Further, the electronic stethoscope 10 comprises the sound aperture located in the handle of the fixed housing 20, where the sound transducer 42 facilitates recording an external sound moving through the aperture or a voice note. The programmable processor 36 is equipped with a voice note capture module that enables users, such as clinicians or healthcare professionals to attach the verbal annotations to each patient examination or audio recording. The programmable processor or programmable chip recognizes the simple voice commands to navigate and record the voice notes. The voice note feature is particularly valuable for recording diagnostic impressions, timestamped observations, or contextual information in real time, without interrupting the workflow. The voice note capture module facilitates the voice annotation, improving the documentation quality, reducing manual input during high-pressure scenarios, enabling faster post-examination review or integration into the patient records etc. The voice data is stored alongside the corresponding auscultation recording, either locally or wirelessly transmitted to a companion device or cloud storage, depending on system configuration. Furthermore, the complicated answers from the patients and their background information may be captured via voice notes recorded from the patient or other onsite operator of electronic stethoscope 10. Display screen 33 may provide questions for more in-depth background information and voice notes associated with each question may be recorded.

Further, in some embodiments of the acoustic electronic stethoscope 10 as disclosed in FIG. 15, comprises at least three electrodes 73 facilitating measurement of body sounds of the patient, wherein the electrodes 73 are adapted to contact the skin of the patient and measure the electrical signals from the body of the patient, wherein the wireless communication device is adapted to transmit the Electrocardiogram (ECG) waveform and process the Electrocardiogram (ECG) waveform for the additional information related to the Electrocardiogram (ECG). Further, the electrodes 73 include metal contacts made of silver, and further contains the disposable pad such as tabs and are located on extendable arms, according to an embodiment of the invention.

Additionally, the electronic microscope 10 comprises power saving mechanism such as sleep time implementation on the sensors such as pressure sensor or capacitive touch sensor, according to an embodiment of the invention, wherein implementing a sleep time for the sensors reduces the power consumption when the electronic stethoscope 10 is not in use. The reduction in power consumption is achieved by maintaining the electronic stethoscope 10 in a low-power or sleep mode during periods of inactivity, and transitioning the device to an active operational state upon detection of pressure or touch input. In some embodiments, a pressure sensor is employed to facilitate activation of the electronic stethoscope 10. Upon detection of the pressure by the pressure sensor, the signal is transmitted to the microcontroller, which in turn activates the electronic stethoscope 10, rendering it ready to capture the audio. This configuration enables efficient power management while ensuring immediate responsiveness when user interaction is detected. Subsequently, in case of no activity for a preset duration of time, for example: 5 minutes, the electronic stethoscope 10 returns to sleep mode.

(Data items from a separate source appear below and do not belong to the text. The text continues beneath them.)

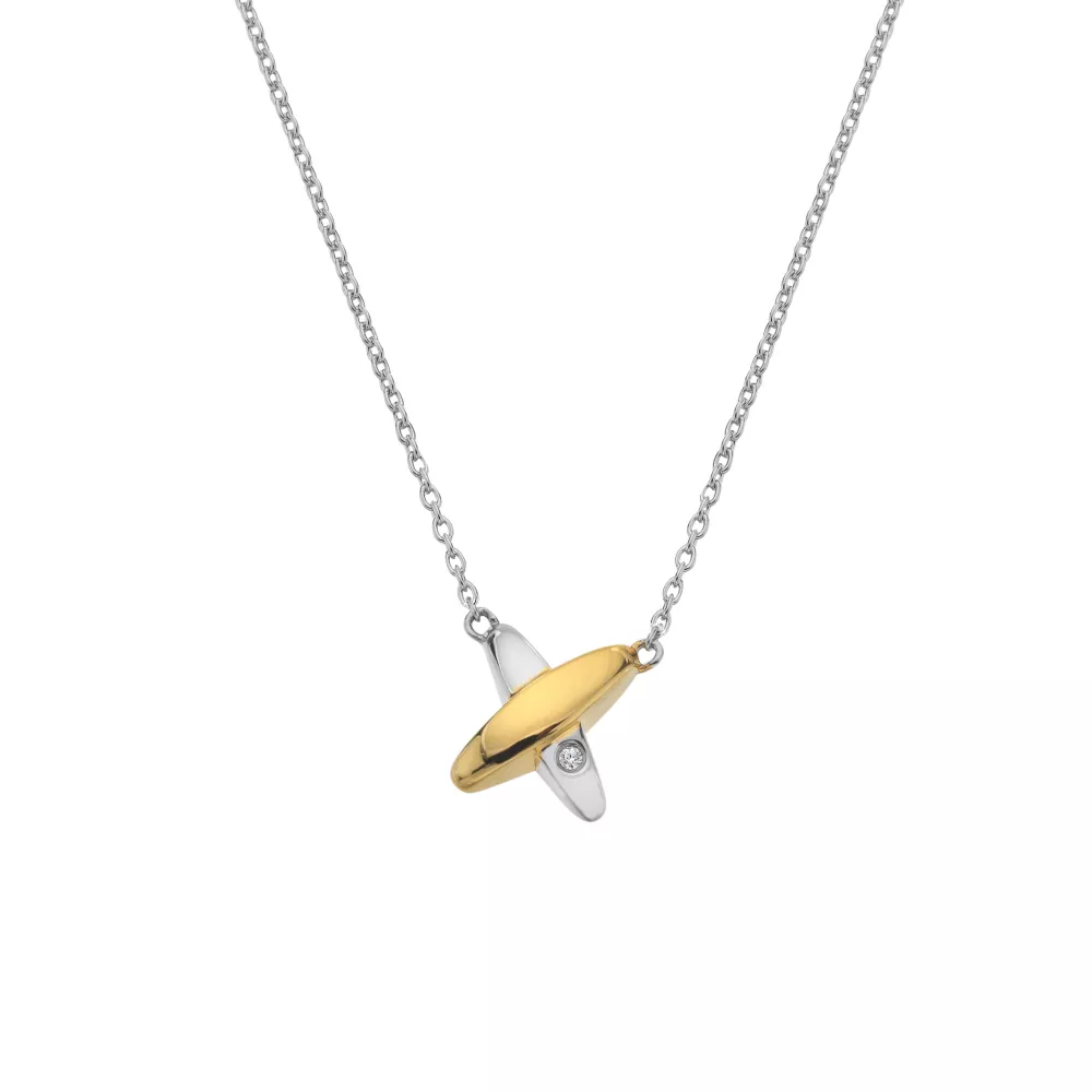Stříbrný náhrdelník Coupled Two Tone s diamantemNáhrdelníkje nadčasovým kouskem díky jemnému dvoubarevnému překříženému designu, který působí elegantně a sofistikovaně.Přívěsek je vyroben z rhodiovaného stříbra a ručně osazen pravým diamantem o velikosti 0,01 ct (I3/H). Jeho rozměr je 9 x 11 mm a je zavěšen na řetízku o délce 40–45 cm, který pohodlně padne kolem krku.Šperk je dodáván v originální krabičce Hot Diamonds.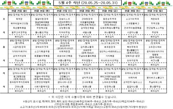 "금주의 식단 메뉴를 확인 할 수 있습니다."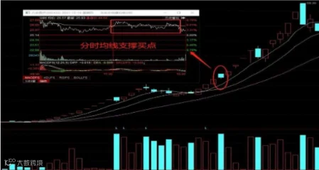 买点二,右侧低吸:价格站上分时均线,在均线盘整,有明显支撑,买确定性。

According to some embodiments of the invention, the capacitive touch sensor is also used with the electronic stethoscope 10, wherein the electronic stethoscope 10 gets activated upon coming in contact with a user or when a user touches the stethoscope. In sleep mode, the components of the electronic stethoscope 10 remain in sleep mode whereas the capacitive touch sensor is always activated, monitoring the touch. When touch is detected, a triggering mechanism activates the microcontroller, and the electronic stethoscope 10 is activated and is ready to use. In case where touch is not detected, the electronic stethoscope 10 remains in sleep mode. According to some embodiments of the invention, the accelerometer and the capacitive touch sensor are used in combination, thus enabling motion detection and touch detection for smarter wake-up mechanism.